The prohibition on government-sponsored assassinations goes back to the Ford administration. It came in the wake of revelations that, under Presidents Eisenhower, Kennedy, Johnson, and Nixon, the CIA had plotted the murder of eight foreign leaders, most notably Fidel Castro, but also including Sukarno of Indonesia, Patrice Lumumba of the Congo, and Leonidas Trujillo of the Dominican Republic.
In February 1976, President Ford signed Executive Order 12333, forbidding anyone employed by the United States government to "engage in or conspire to engage in assassination."
Successive presidents renewed the order, but some found ways of evading it while paying lip service to it.
The Reagan administration adopted an interpretation exempting death incidental to a military action.
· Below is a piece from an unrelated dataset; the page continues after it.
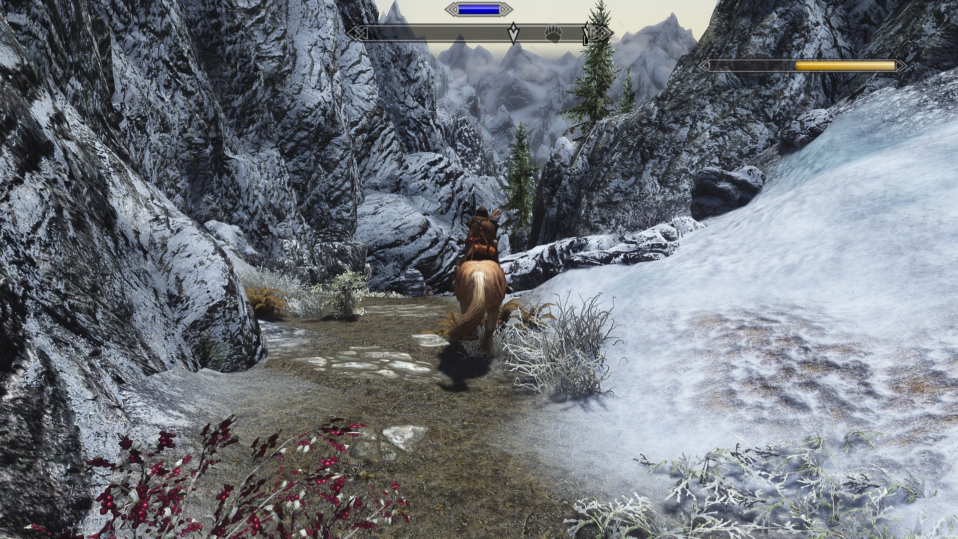 Well, it’s on the way to Whiterun if we take the route through the mountains.  Might as well drop off the ring and deliver the message.  As we approach the snowy pass, I wrap myself in my warm fur cloak and urge my horse to go faster.  The frigid wind is being channeled through the mountains, and it’s almost enough to start my teeth chattering.  Grabbing a bottle of mead, I gulp it down to stave off the bitter cold.

Ordering the bombing of Col. Muammar Qaddafi's compound in Libya in 1986, President Reagan said he wasn't trying to get one man, but added, "I don't think any of us would have shed any tears if that happened."
A similarly dry-eyed President George Bush ordered the bombing of the presidential palace in Baghdad in 1991, during the Gulf War, and said, "We're not in the position of targeting Saddam Hussein, but no one will weep for him when he is gone."
During the Clinton administration, another interpretation of the assassination ban made an exception for killing a foreign leader engaged in terrorism against America. President Clinton signed a secret order authorizing the use of lethal force against Osama bin Laden's "organization." That he might not survive was tacitly understood.
In 1991, during the Gulf War, I wrote in The Washington Post, "It is time to change Executive Order 12333 to spare us from presidential double-talk about designs on the lives of foreign foes."
That issue arises again. The Clinton order to go after Mr. bin Laden's organization is still in effect. The Bush administration is in the process of making its own search-and-destroy plans to fulfill the president's "dead or alive" order.
A 25-year-old executive order reflecting the reaction to mindless cold-war plotting against President Castro and other third-world leaders seems totally anachronistic after Sept.11.
It is time to rescind an assassination ban that has no more reason for existing.
Daniel Schorr is a senior news analyst at NPR.